• [The problem]: Reproduce, word for word, the lines in the material below starting with the one that has "An official licensed" and going on through the one that has "今日は、移動図書館の日でした". Leave out all pictures.

• [Records for this task]:

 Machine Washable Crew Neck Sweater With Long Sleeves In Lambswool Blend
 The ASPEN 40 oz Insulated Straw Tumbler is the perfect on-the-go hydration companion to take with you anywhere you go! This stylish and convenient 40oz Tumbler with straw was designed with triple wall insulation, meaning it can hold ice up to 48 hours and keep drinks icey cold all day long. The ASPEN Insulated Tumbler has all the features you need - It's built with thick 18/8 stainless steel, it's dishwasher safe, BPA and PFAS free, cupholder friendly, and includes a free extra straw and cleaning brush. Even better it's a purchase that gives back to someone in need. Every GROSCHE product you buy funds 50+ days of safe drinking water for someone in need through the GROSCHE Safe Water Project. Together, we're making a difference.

--

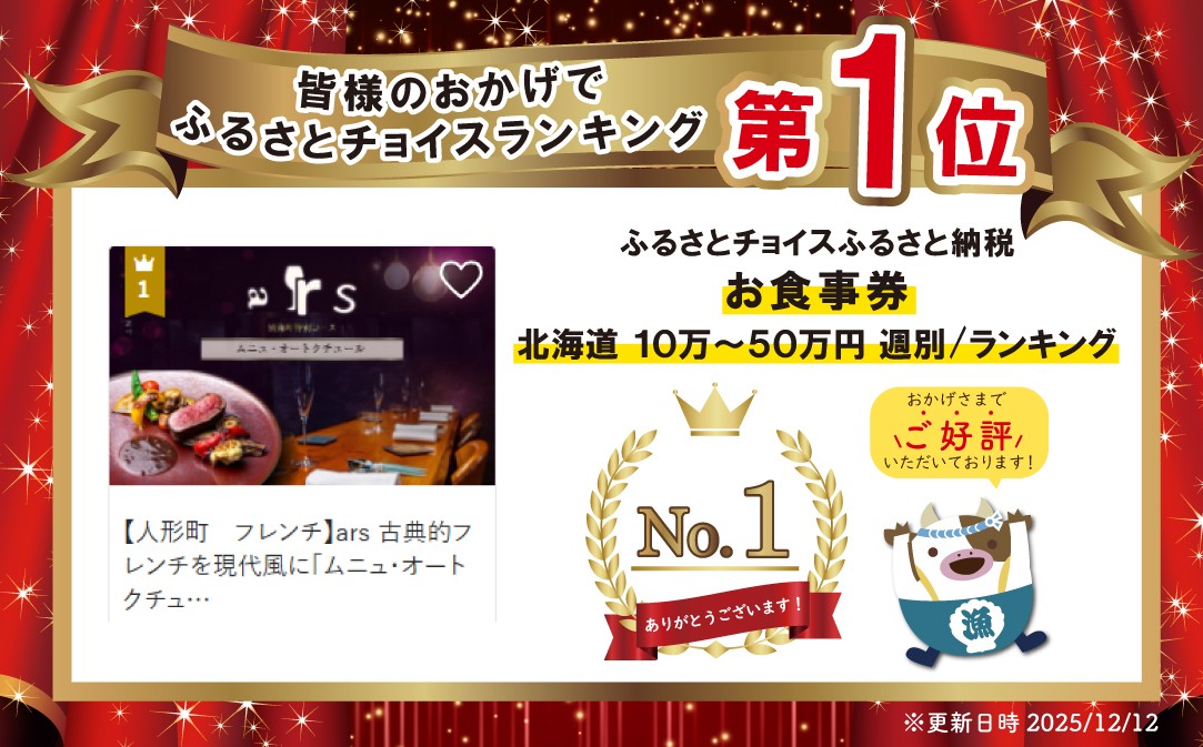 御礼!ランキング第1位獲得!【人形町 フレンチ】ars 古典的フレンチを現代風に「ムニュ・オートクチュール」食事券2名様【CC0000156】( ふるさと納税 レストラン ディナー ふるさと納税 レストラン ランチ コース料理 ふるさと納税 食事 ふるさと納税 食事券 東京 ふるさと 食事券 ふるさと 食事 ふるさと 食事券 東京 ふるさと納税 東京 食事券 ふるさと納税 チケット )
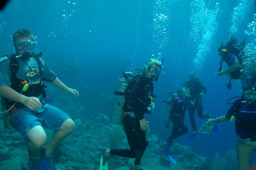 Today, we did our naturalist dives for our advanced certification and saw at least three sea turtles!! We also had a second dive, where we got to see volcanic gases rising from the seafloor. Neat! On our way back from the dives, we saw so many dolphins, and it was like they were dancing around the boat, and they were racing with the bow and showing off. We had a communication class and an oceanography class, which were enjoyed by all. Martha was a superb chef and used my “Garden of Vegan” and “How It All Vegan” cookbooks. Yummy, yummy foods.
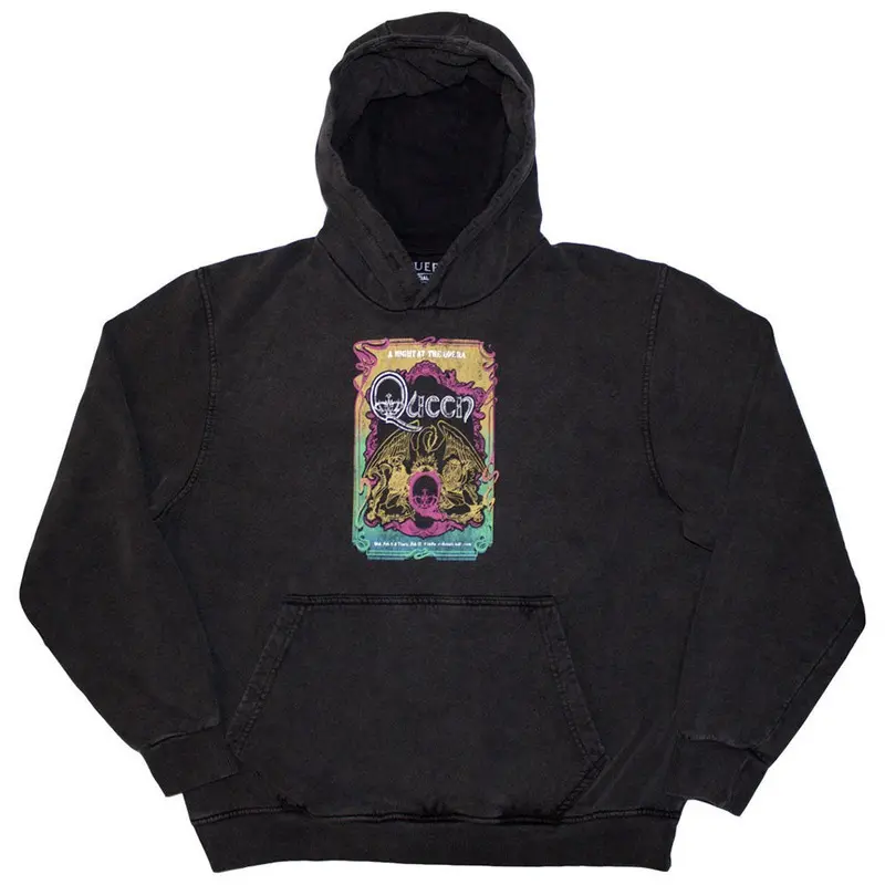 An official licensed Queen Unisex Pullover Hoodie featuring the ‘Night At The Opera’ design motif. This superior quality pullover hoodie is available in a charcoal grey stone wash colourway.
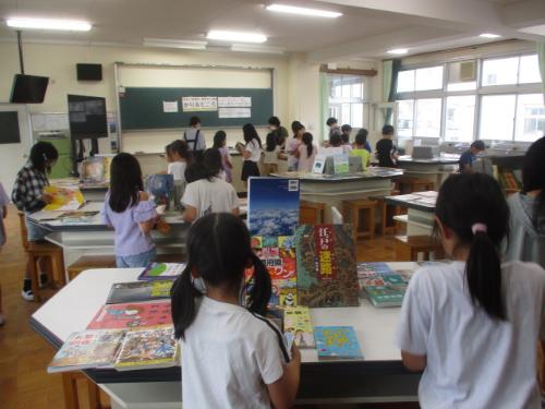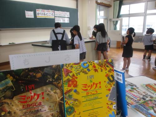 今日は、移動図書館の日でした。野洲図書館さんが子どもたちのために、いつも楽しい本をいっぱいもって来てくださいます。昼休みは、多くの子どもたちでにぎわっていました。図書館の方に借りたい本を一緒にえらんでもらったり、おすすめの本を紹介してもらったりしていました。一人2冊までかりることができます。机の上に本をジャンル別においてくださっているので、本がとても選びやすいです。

• [Result of this task]:
 An official licensed Queen Unisex Pullover Hoodie featuring the ‘Night At The Opera’ design motif. This superior quality pullover hoodie is available in a charcoal grey stone wash colourway.
 今日は、移動図書館の日でした。野洲図書館さんが子どもたちのために、いつも楽しい本をいっぱいもって来てくださいます。昼休みは、多くの子どもたちでにぎわっていました。図書館の方に借りたい本を一緒にえらんでもらったり、おすすめの本を紹介してもらったりしていました。一人2冊までかりることができます。机の上に本をジャンル別においてくださっているので、本がとても選びやすいです。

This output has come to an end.